Charged mass connected to spring, swung in circle in mag. field

[clubguppy]

Homework Statement

A spring with an unstretched length of 20 cm and a force constant of 100 N/m is attached to a 2-kg mass with a charge of 3.0 C. The mass is swung in a circle in a zero gravity environment, so that the spring is perfectly horizontal and is parallel to the radius of the circle, as shown at right. A vertical 1.5-T magnetic field permeates the entire region.

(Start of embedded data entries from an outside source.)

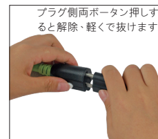
プラグ側両ボタン押しすると解除、軽くて抜けます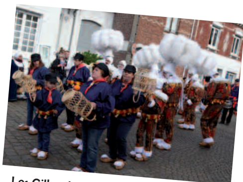
Les Gilles de Liévin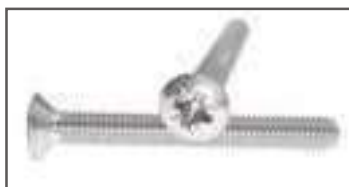
Vis tête fraisée bombée TFB inox Pozidriv DIN 966 ref 24072 Inox A2

If the mass is moving at 5 m/s, what is the maximum radius of its motion?

Homework Equations

Centripetal Force: $F= \frac{mv^{2}}{r}$
Hooke's Law: $F=kx$ where k is the spring constant and x is elongation (how long the string is stretched)
Magnetic Force: $F = qvBsin \theta$

The Attempt at a Solution

I tried qvBsin(90 degrees) = $qvB =F= \frac{mv^{2}}{r} + kr$
I assumed the force on the spring itself is the tenion (the constant * how long it stretched)

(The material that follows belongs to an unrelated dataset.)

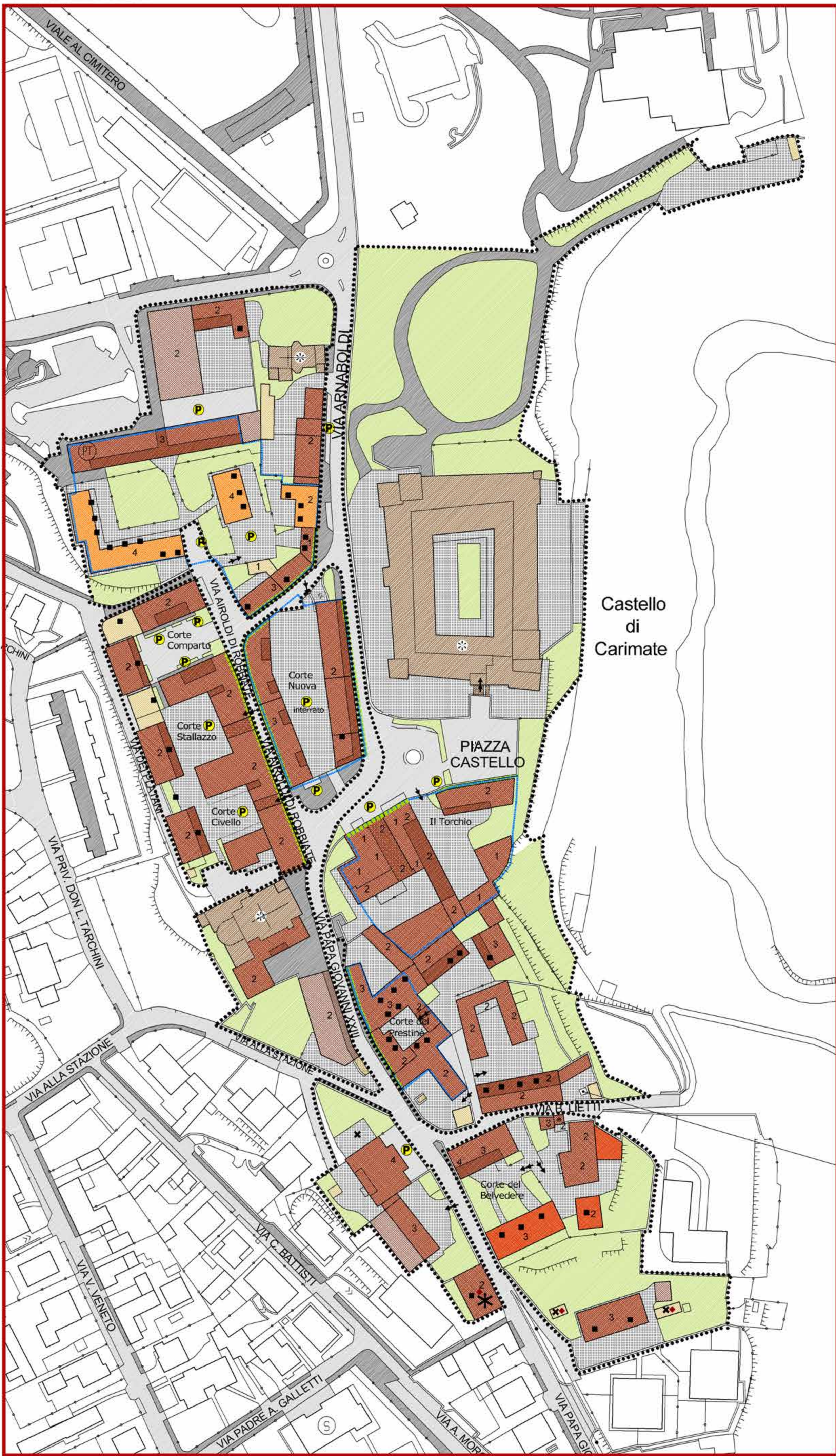
NUCLEO DI CARIMATE

I'm not sure if I did it correctly...please help.

 

[mukundpa]

What is x in F = kx ?

 

[clubguppy]

Reply

Homework Statement

A spring with an unstretched length of 20 cm and a force constant of 100 N/m is attached to a 2-kg mass with a charge of 3.0 C. The mass is swung in a circle in a zero gravity environment, so that the spring is perfectly horizontal and is parallel to the radius of the circle, as shown at right. A vertical 1.5-T magnetic field permeates the entire region.


If the mass is moving at 5 m/s, what is the maximum radius of its motion?

Homework Equations

Centripetal Force: $F= \frac{mv^{2}}{r}$
Hooke's Law: $F=kx$ where k is the spring constant and x is elongation (how long the string is stretched)
Magnetic Force: $F = qvBsin \theta$

The Attempt at a Solution

I tried qvBsin(90 degrees) = $qvB =F= \frac{mv^{2}}{r} + kr$
I assumed the force on the spring itself is the tenion (the constant * how long it stretched)

I'm not sure if I did it correctly...please help.

I have updated the information in the question.

 

[mukundpa]

is the elongation is equal to radius of the circular path?

 

[clubguppy]

response

is the elongation is equal to radius of the circular path?

Yes, that is what I assumed. But, I can't get the radius in real number. What did I do wrong? Do you have suggestions for what I should do?

Should I change something about $qvB =F= \frac{mv^{2}}{r} + kr$ or do something different?